Hunyuan-GameCraft: High-dynamic Interactive Game Video Generation with Hybrid History Condition
- Aug 21, 2025: 📣 We release the code of the Gradio demo. Welcome and have a try!! 🎮
- Aug 14, 2025: 👋 We release the inference code and model weights of Hunyuan-GameCraft. Download.
- Hunyuan-GameCraft
- Inference
- Checkpoints
- Gradio
- HuggingFace Demo
 
Recent advances in diffusion-based and controllable video generation have enabled high-quality and temporally coherent video synthesis, laying the groundwork for immersive interactive gaming experiences. However, current methods face limitations in dynamics, physically realistic, long-term consistency, and efficiency, which limit the ability to create various gameplay videos. To address these gaps, we introduce Hunyuan-GameCraft, a novel framework for high-dynamic interactive video generation in game environments. To achieve fine-grained action control, we unify standard keyboard and mouse inputs into a shared camera representation space, facilitating smooth interpolation between various camera and movement operations. Then we propose a hybrid history-conditioned training strategy that extends video sequences autoregressively while preserving game scene information. Additionally, to enhance inference efficiency and playability, we achieve model distillation to reduce computational overhead while maintaining consistency across long temporal sequences, making it suitable for real-time deployment in complex interactive environments. The model is trained on a large-scale dataset comprising over one million gameplay recordings across over 100 AAA games, ensuring broad coverage and diversity, then fine-tuned on a carefully annotated synthetic dataset to enhance precision and control. The curated game scene data significantly improves the visual fidelity, realism and action controllability. Extensive experiments demonstrate that Hunyuan-GameCraft significantly outperforms existing models, advancing the realism and playability of interactive game video generation.

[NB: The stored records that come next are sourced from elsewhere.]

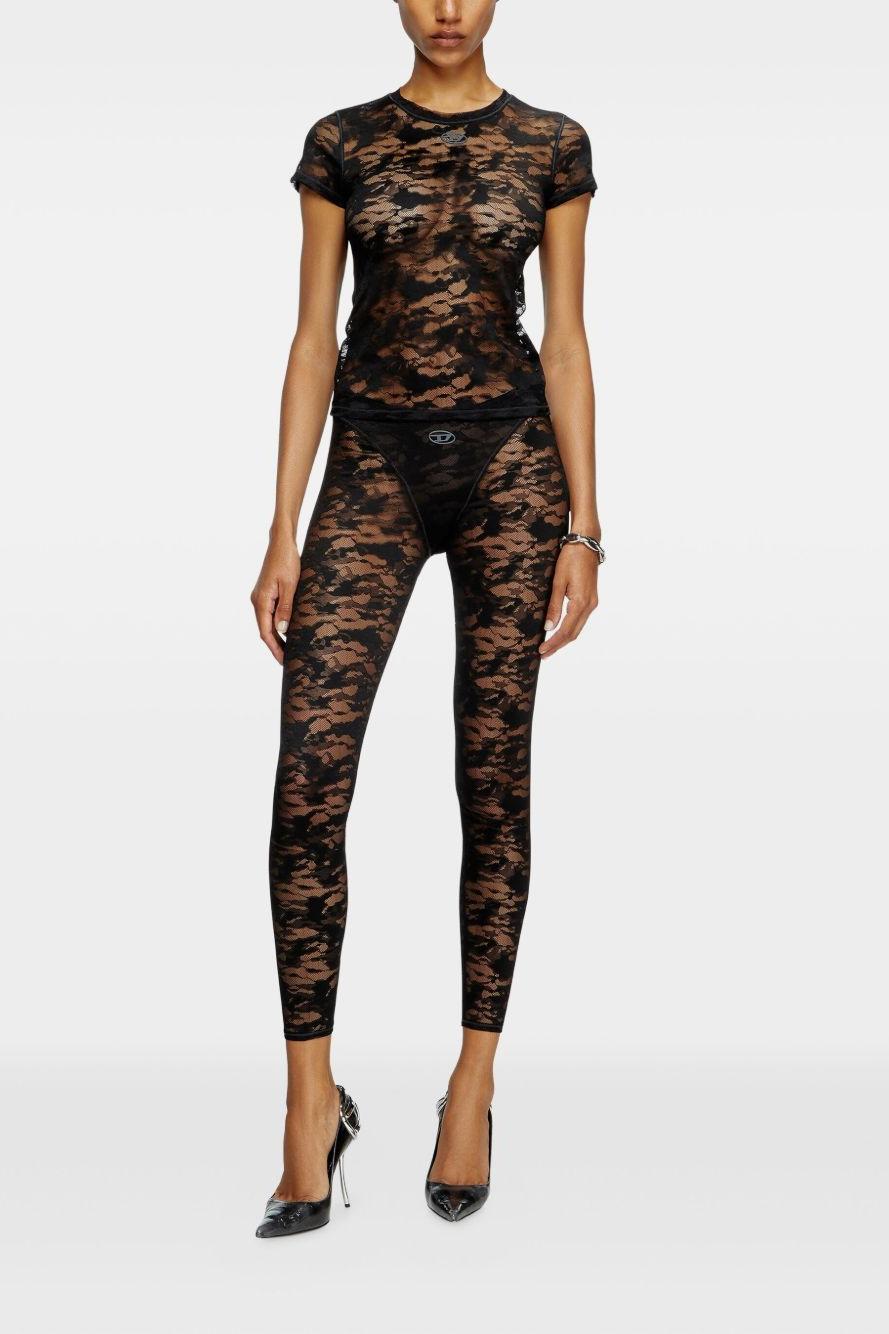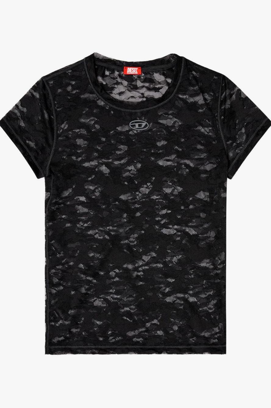 diesel T-Shirt Nero Donna Ricamo Pizzo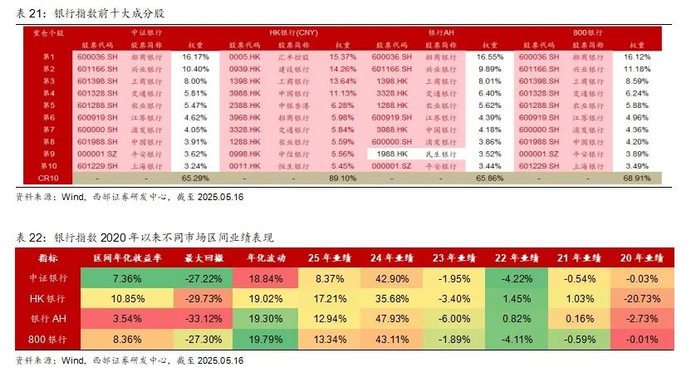 被动型金融地产基金中,跟踪的银行指数有4只,分别为中证银行(399986.SZ)、HK银行(HKD)(930792.CSI)、HK银行(CNY)(930793.CSI)、银行AH(931039.CSI)和800银行(h30022.CSI)。从前十大成分股来看,中证银行和800银行10只股票均相同,且顺序一致;银行AH中与这两个指数仅民生银行不同,但工行、交行、农行等选择港股。区间收益率上,银行AH表现最好,800银行与中证银行在不同年份收益相差不大,800银行略好一些,银行AH波动较大,主要在24年以来表现较好。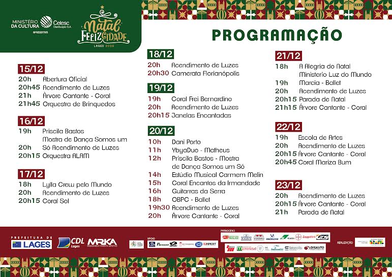 Já nos dias 21 e 23, a tradicional Parada de Natal transforma a rua Nereu Ramos em um verdadeiro conto natalino, com mais de 200 personagens, música e performances que iluminam a noite lageana e convidam a população a viver a magia dessa época tão especial.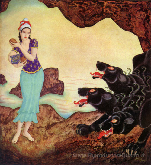 Ti offriamo una riproduzione artigianale su tela dell'opera famosa 'Psiche e Cerberus' di Edmund Dulac, dal Museo delle Riproduzioni.

Given a reference image and the corresponding prompt, the keyboard or mouse signal, we transform these options to the continuous camera space. Then we design a light-weight action encoder to encode the input camera trajectory. The action and image features are added after patchify. For long video extension, we design a variable mask indicator, where 1 and 0 indicate history frames and predicted frames, respectively.
- An NVIDIA GPU with CUDA support is required.
- The model is tested on a machine with 8*H20/H800GPUs.
- Minimum: The minimum GPU memory required is 24GB but very slow.
- Recommended: We recommend using a GPU with 80GB of memory for better generation quality.
 
- Tested operating system: Linux
Begin by cloning the repository:
git clone https://github.com/Tencent-Hunyuan/Hunyuan-GameCraft-1.0.git
cd Hunyuan-GameCraft-1.0We recommend CUDA versions 12.4 for the manual installation.
Conda's installation instructions are available here.
# 1. Create conda environment
conda create -n HYGameCraft python==3.10
# 2. Activate the environment
conda activate HYGameCraft
# 3. Install PyTorch and other dependencies using conda
conda install pytorch==2.5.1 torchvision==0.20.0 torchaudio==2.5.1 pytorch-cuda=12.4 -c pytorch -c nvidia
# 4. Install pip dependencies
python -m pip install -r requirements.txt
# 5. Install flash attention v2 for acceleration (requires CUDA 11.8 or above)
python -m pip install ninja
python -m pip install git+https://github.com/Dao-AILab/[email protected]Additionally, you can also use HunyuanVideo Docker image. Use the following command to pull and run the docker image.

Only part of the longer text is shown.